• EXCERPTED RECORDS:
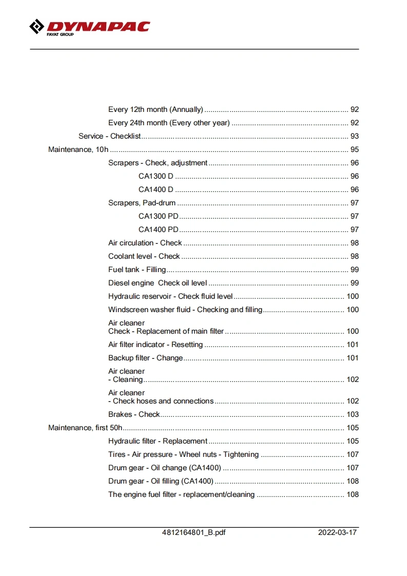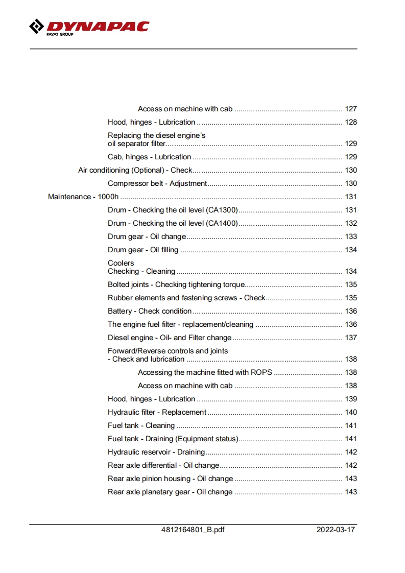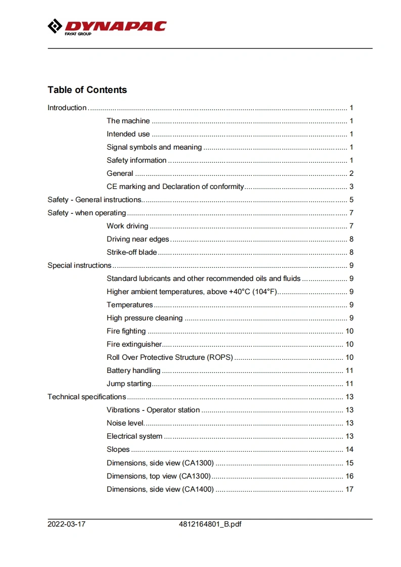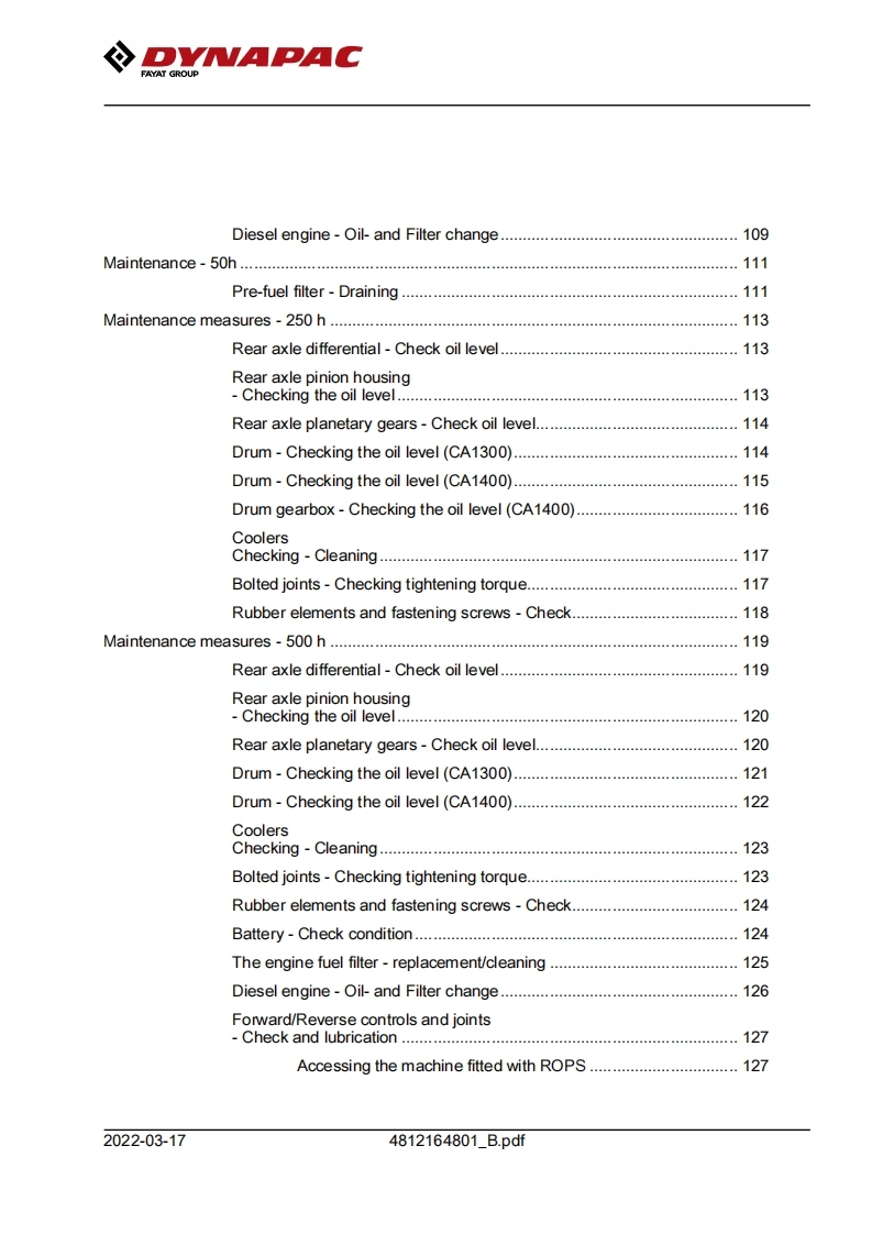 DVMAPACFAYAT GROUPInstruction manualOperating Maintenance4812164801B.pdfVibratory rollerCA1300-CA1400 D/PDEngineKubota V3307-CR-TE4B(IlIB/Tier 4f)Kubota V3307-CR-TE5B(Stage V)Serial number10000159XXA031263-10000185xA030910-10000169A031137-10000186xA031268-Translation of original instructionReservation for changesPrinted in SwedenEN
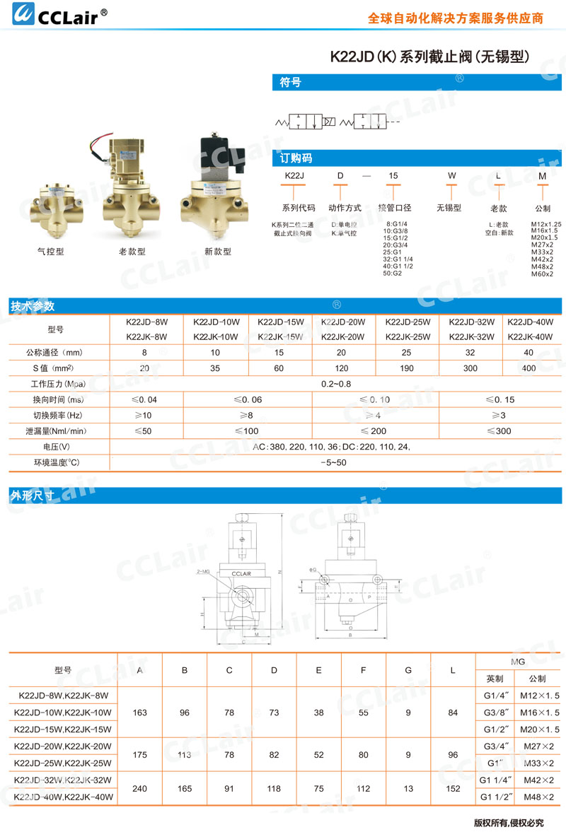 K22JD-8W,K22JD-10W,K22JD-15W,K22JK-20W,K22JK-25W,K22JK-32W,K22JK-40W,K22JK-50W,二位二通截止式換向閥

---

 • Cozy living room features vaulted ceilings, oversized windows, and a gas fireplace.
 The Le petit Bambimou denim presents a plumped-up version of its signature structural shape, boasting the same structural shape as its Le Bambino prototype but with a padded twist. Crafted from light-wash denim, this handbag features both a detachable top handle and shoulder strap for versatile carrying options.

• WORK TO COMPLETE:
Take the entries above and copy exactly the lines starting at the one with "DVMAPACFAYAT GROUPInstruction manualOperating" and ending at the one with "K22JD-8W,K22JD"; nothing outside that span, and no pictures.

• EXERCISE RESPONSE:
 DVMAPACFAYAT GROUPInstruction manualOperating Maintenance4812164801B.pdfVibratory rollerCA1300-CA1400 D/PDEngineKubota V3307-CR-TE4B(IlIB/Tier 4f)Kubota V3307-CR-TE5B(Stage V)Serial number10000159XXA031263-10000185xA030910-10000169A031137-10000186xA031268-Translation of original instructionReservation for changesPrinted in SwedenEN
 K22JD-8W,K22JD-10W,K22JD-15W,K22JK-20W,K22JK-25W,K22JK-32W,K22JK-40W,K22JK-50W,二位二通截止式換向閥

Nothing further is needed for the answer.